Juliette Vallery, je l'ai découverte grâce à ses séries à succès Pops et Patabulle. Ici, avec ce titre
A un passant, c'est une autre facette de son talent qu'elle nous livre. Si on peut parler de grand écart, j'ai pourtant retrouvé dans ces deux univers une même poésie des mots. Qu'elle s'adresse aux touts petits ou aux grands,
Juliette Vallery utilise le même langage des sentiments, celui qui fait mouche et vous touche droit au coeur.
Pour s'en convaincre, il suffit juste de parcourir les intitulés des "chapitres" : "Etincelle", "Eblouissement", "Eclipse", "Crépuscule", "Veilleuse", ces cinq mots qui résument à eux-seuls ce court récit, cette histoire d'amour, de passion aussi puissante qu'éphémère.
Dans un jeu de paragraphes courts, elle alterne les points de vue en "je" de sa narratrice, son Elle, et ceux en "il" du passant qui bouleverse sa vie, son Il.
"Il n'y a que cela que l'on puisse nommer une rencontre. Ce moment précis où la vie se déracine pour basculer vers l'étrange."
Sa narratrice revient dix ans après sur cet amour qui l'a naufragée. Il lui a fallu tout ce temps pour le regarder en face. Son Il, elle l'a rencontré dans la rue - un passant qui n'en était pas vraiment un puisqu'il l'épiait depuis un moment, un homme qui n'était pas son genre et pour qui elle n'avait pas dressé ses barrières de protection. de cette rencontre "fortuite" naît une passion torride, instantanée, dévastatrice.
Comme elle, on adore jouer les "voyeuses. Entrer par effraction dans les cours interdites". Dès la première ligne, on observe ce couple, mort avant même d'être né. Et, immanquablement, on s'interroge sur l'amour, la passion, le couple, la pérennité des sentiments ... Ne s'agit-il que de mots ?
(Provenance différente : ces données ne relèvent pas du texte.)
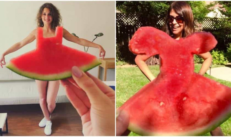ԼԱՅՖԹվիթերում ու Ինստագրամում նոր թրենդ է սկսվել՝ ձմերուկից զգեստներ։ Իրականում պարզ է՝ ձմերուկից հագուստ չէ։ Պարզապես նկարվում են՝ ծածկվելով ձմերուկի կտորով։

"Trois p'tits chats. Chasse à coeur. Coeur à corps. Corrida. D'arrache-pied. Pied à terre. Terrain vague. Vague à l'âme. Lame de fond. Fondement. Mensonger. Gestuelle. Elimée. Mélodie. Dissonante. Entonnée. Nez au vent. Vengeresse. Respirant, mal sans toi, à l'étroit, à l'étroit, trois p'tits pas, patatras..."
D'un bout à l'autre, on se laisse entraîner dans cette danse, tantôt rapide et passionnelle, tantôt lente et sensuelle. On entend bien les dissonances, celles qui devraient mettre en garde mais, comme Elle, on ne veut y prêter l'oreille. Pas tout de suite, pas maintenant. Et si l'histoire finissait bien ?
Comme le Petit Prince demandait à l'aviateur de lui dessiner un mouton, Elle lui demande de lui raconter une histoire, se laisse bercer par ses mots, oublie que leur temps est forcément compté, que déjà ils se leurrent l'un l'autre, que déjà ils se quittent...
Ce petit livre blanc se déguste. On caresse le papier grumeleux de la couverture. On savoure les mots qui s'égrènent et comme cet enfant de l'"épilogue", on "se concentre sur le dessin des lettres, feint de décrypter leurs boucles, et réinvente l'histoire". Si raconter permet à la narratrice de prendre une distance par rapport à cet amour, de transformer l'homme en personnage, de ne plus le voir que comme un passant, le lecteur, lui, s'interroge longtemps après avoir refermé le livre : "nous deux" n'est-il qu'une chimère douce-amère ?
"Lui
(...)
- En fait, moi, je ne vois l'amour que comme ça : un mélange de poésie et de burlesque, ourlé d'une brutale gravité.
L'histoire balance entre romance et grand guignol. Et soudain, se creuse quelque chose qui ressemble au destin."